§ Task requirements:
Among the entries that follow, some lines contain the word "from". Show all of them.

§ Input material:
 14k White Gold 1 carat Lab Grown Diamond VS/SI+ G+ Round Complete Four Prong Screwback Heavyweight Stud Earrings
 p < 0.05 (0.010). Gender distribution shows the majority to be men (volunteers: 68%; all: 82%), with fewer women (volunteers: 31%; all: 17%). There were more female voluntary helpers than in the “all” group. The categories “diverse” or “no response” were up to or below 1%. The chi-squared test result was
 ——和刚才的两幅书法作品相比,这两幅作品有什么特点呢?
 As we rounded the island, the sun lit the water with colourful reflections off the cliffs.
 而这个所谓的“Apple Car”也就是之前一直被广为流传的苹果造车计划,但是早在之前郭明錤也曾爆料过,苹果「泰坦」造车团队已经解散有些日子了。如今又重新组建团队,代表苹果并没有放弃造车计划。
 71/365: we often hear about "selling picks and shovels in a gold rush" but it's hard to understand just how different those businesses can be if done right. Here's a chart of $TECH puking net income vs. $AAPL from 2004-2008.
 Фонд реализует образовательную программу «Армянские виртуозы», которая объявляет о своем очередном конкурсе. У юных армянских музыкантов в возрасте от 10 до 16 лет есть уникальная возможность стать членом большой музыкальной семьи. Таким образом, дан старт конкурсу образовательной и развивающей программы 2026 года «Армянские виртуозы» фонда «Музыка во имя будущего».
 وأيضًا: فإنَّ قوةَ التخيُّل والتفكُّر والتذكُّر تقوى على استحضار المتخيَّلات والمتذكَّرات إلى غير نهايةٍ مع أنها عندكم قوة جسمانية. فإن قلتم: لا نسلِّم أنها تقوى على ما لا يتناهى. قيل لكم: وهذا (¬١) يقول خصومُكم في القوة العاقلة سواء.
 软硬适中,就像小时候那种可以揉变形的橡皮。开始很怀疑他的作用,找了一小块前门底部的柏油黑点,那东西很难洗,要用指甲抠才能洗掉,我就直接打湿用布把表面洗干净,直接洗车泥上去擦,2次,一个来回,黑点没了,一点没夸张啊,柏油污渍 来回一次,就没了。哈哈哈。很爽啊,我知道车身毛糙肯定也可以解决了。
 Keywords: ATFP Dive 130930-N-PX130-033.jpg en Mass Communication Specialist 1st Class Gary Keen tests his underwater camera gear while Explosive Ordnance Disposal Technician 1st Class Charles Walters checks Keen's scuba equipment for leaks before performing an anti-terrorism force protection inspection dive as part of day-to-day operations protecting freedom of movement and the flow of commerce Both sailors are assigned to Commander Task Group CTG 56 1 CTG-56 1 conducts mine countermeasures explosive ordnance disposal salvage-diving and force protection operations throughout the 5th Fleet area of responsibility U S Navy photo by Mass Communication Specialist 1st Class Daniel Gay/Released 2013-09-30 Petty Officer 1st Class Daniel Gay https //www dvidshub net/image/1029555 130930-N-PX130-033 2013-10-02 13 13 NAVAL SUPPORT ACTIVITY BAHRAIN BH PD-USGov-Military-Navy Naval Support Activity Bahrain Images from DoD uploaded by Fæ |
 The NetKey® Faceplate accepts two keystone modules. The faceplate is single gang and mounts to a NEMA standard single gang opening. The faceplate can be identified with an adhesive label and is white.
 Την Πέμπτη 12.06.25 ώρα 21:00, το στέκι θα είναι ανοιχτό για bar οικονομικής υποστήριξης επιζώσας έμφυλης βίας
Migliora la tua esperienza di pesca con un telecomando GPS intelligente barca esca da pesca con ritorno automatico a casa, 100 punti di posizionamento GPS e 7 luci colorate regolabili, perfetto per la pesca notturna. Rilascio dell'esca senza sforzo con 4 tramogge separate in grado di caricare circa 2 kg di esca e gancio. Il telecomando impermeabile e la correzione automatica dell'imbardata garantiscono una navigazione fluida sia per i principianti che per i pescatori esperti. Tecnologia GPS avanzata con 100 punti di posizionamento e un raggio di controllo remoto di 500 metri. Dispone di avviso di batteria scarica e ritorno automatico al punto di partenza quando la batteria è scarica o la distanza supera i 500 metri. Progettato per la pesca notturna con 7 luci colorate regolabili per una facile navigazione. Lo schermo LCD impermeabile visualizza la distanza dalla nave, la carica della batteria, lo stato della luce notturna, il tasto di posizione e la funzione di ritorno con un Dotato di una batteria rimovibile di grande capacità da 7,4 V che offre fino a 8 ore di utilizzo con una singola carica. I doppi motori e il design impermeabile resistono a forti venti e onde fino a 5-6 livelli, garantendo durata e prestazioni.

§ Answer section:
 71/365: we often hear about "selling picks and shovels in a gold rush" but it's hard to understand just how different those businesses can be if done right. Here's a chart of $TECH puking net income vs. $AAPL from 2004-2008.
 Keywords: ATFP Dive 130930-N-PX130-033.jpg en Mass Communication Specialist 1st Class Gary Keen tests his underwater camera gear while Explosive Ordnance Disposal Technician 1st Class Charles Walters checks Keen's scuba equipment for leaks before performing an anti-terrorism force protection inspection dive as part of day-to-day operations protecting freedom of movement and the flow of commerce Both sailors are assigned to Commander Task Group CTG 56 1 CTG-56 1 conducts mine countermeasures explosive ordnance disposal salvage-diving and force protection operations throughout the 5th Fleet area of responsibility U S Navy photo by Mass Communication Specialist 1st Class Daniel Gay/Released 2013-09-30 Petty Officer 1st Class Daniel Gay https //www dvidshub net/image/1029555 130930-N-PX130-033 2013-10-02 13 13 NAVAL SUPPORT ACTIVITY BAHRAIN BH PD-USGov-Military-Navy Naval Support Activity Bahrain Images from DoD uploaded by Fæ |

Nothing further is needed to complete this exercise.